*WHAT THE EXERCISE ASKS*
Without any pictures, retype exactly the lines that begin at the one holding "Hi, I'm Patch!" and end at the last line of the data below.
----------------
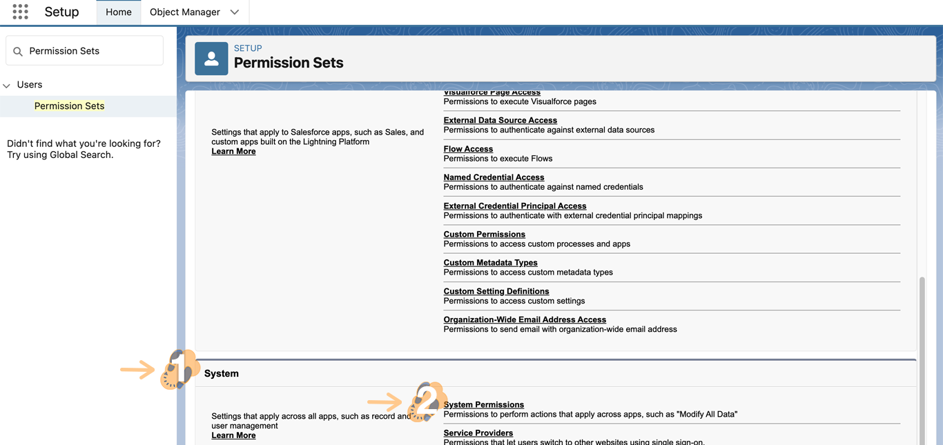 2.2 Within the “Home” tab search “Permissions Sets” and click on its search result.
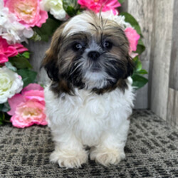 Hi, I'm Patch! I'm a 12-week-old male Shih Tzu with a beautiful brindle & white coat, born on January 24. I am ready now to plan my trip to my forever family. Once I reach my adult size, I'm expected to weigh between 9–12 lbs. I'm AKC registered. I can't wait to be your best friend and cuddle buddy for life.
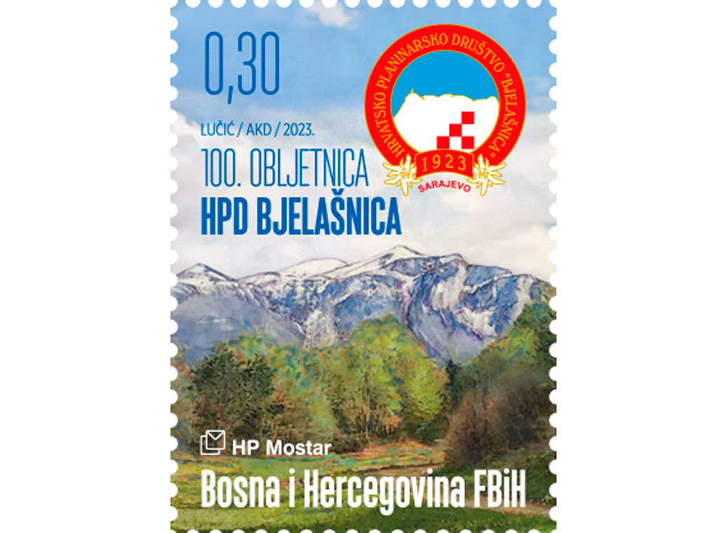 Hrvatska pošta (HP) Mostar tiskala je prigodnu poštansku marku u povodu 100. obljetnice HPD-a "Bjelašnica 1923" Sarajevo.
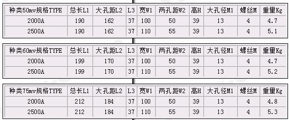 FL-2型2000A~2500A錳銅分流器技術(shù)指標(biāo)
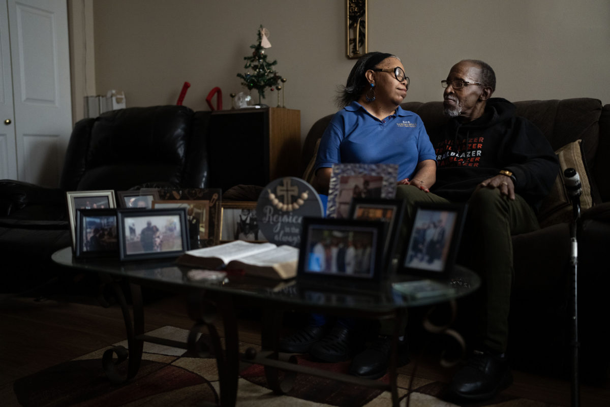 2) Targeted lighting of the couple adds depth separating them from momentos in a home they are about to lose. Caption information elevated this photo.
----------------
*SOLUTION FOR THIS PROBLEM*
 Hi, I'm Patch! I'm a 12-week-old male Shih Tzu with a beautiful brindle & white coat, born on January 24. I am ready now to plan my trip to my forever family. Once I reach my adult size, I'm expected to weigh between 9–12 lbs. I'm AKC registered. I can't wait to be your best friend and cuddle buddy for life.
 Hrvatska pošta (HP) Mostar tiskala je prigodnu poštansku marku u povodu 100. obljetnice HPD-a "Bjelašnica 1923" Sarajevo.
 FL-2型2000A~2500A錳銅分流器技術(shù)指標(biāo)
 2) Targeted lighting of the couple adds depth separating them from momentos in a home they are about to lose. Caption information elevated this photo.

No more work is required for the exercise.